Подведем некоторые итоги сказанному в этом разделе. Имея в виду будущее преображение героя, Шмелев силой, рычагом, двигателем на пути к Богу выбирает привлекательность Дариньки – душевную и телесную. Он откровенно излагает свою художественную установку: «Я только одно понял: надо обаяние, редкую силу, предельный шарм, непохожесть ни на кого – апофеоз женственного, как бы заменяющий Свет, ослепивший Савла.
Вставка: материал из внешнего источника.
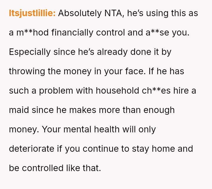 Is the OP justified in prioritizing her mental health and career aspirations over her husband's desire for a traditional home structure, especially given her past trauma regarding financial dependency, or is the husband’s expectation that she fulfill the role of a full-time homemaker reasonable within the context of their marriage?

Чистота, душевная высота, недосягаемость». Действительно, для героя романа благодать Божия оказалась подменена, заменена, отодвинута Женственностью (герой «закрывает» Бога «самым близким своим – своей Дарьей»)[69]. Искусительная идея Вечной женственности оказала воздействие на творчество многих литераторов серебряного века, не избежал ее влияния и Шмелев.
Создавая образ верующего воцерковленного мирянина, Шмелев чересчур завысил планку исключительности, необыкновенности. От первого тома ко второму молитвенность героини все больше перерастала в экзальтированность, ее мистическая жизнь из трезвенно-смиренной уходила в нецерковную мистику, ее сверхчувственные способности, явления, голоса, визионерство с православной точки зрения не могут быть расценены иначе, как состояние глубокого и опасного впадения в прелесть. Еще апостол Павел говорил, что подлинные христиане будут казаться «безумными» для мира, но христианство печется о безусловном внутреннем духовном здоровье, исцеляет все болезни и поражения души, в том числе неоправданный провиденциализм, видение во всем чудес и знамений.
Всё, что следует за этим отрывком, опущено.